United States v. Soto

MEMORANDUM**

Juan Carlos Soto appeals his conviction and 33-month prison sentence imposed fol*624lowing his guilty plea to importation of marijuana, in violation of 21 U.S.C. §§ 952 and 960. We have jurisdiction pursuant to 18 U.S.C. § 3742(a) and 28 U.S.C. § 1291. We affirm.

Soto contends that 21 U.S.C. §§ 952 and 960 are unconstitutional pursuant to Ap-prendi v. New Jersey, 530 U.S. 466, 120 S.Ct. 2348, 147 L.Ed.2d 435 (2000). Our holdings in United States v. Mendoza-Paz, 286 F.3d 1104, 1110 (9th Cir.2002) (§ 960), and United States v. Varela-Rivera, 279 F.3d 1174, 1175 n. 1 (9th Cir.2002) (§ 952) foreclose this argument.

In the alternative, Soto contends that the government was required to allege in the indictment that Soto knew the type and quantity of controlled substance he was alleged to have imported. This contention fails based on our holding in United States v. Carranza, 289 F.3d 634, 644 (9th Cir.2002) (holding that Apprendi does not require the government to prove that defendant knew type and amount of controlled substance).

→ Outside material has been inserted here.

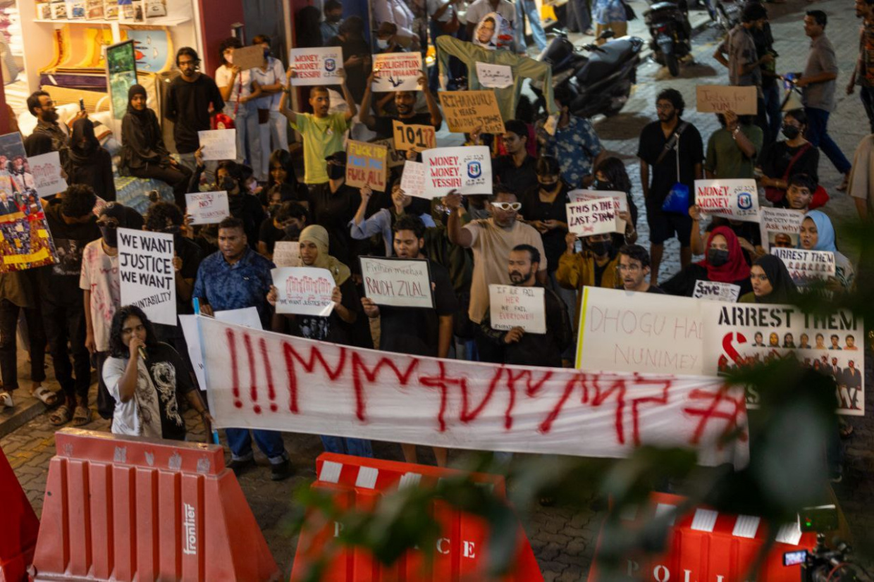 ޒުވާނުން މުޒާހަރާ ކުރަނީ މި މައްސަލައިގައި ފުލުހުން އަމަލުކުރަމުންދާ ގޮތުން ޝައްކު ކުރެވޭ ކަންތައްތަކެއް ކުރިކަމަށް ބުނެއެވެ. އަދި މި މައްސަލައިގައި ޓްރާންސްޕޯޓް މިނިސްޓަރު މުހައްމަދު އަމީން ދިރިއުޅުއްވާ ގެއާއި އޭނާއަށް ބޮޑުބޭބެ ކިޔާ ދެމީހުން ޝާމިލްވާތީ މި މައްސަލައަށް އަމީން ނުފޫޒު ފޯރުވާކަމަށް ގިނަ ބަޔަކު ދަނީ ބުނަމުންނެވެ.

Soto’s final contention is that the government breached the plea agreement by suggesting during the sentencing hearing that the negotiated criminal history category was insufficient after seeing Soto’s full record in the pre-sentence report. Alleged violations of a plea agreement are reviewed de novo. See United States v. Camarillo-Tello, 236 F.3d 1024, 1026 (9th Cir.2001). After reviewing the record, we find that the statements made by the government did not breach the plea agreement. Cf. id. at 1027-28; United States v. Johnson, 187 F.3d 1129, 1135 (9th Cir. 1999); United States v. Myers, 32 F.3d 411, 412-13 (9th Cir.1994) (per curiam).

AFFIRMED.

This disposition is not appropriate for publication and may not be cited to or by the courts of this circuit except as may be provided by 9th Cir. R. 36-3.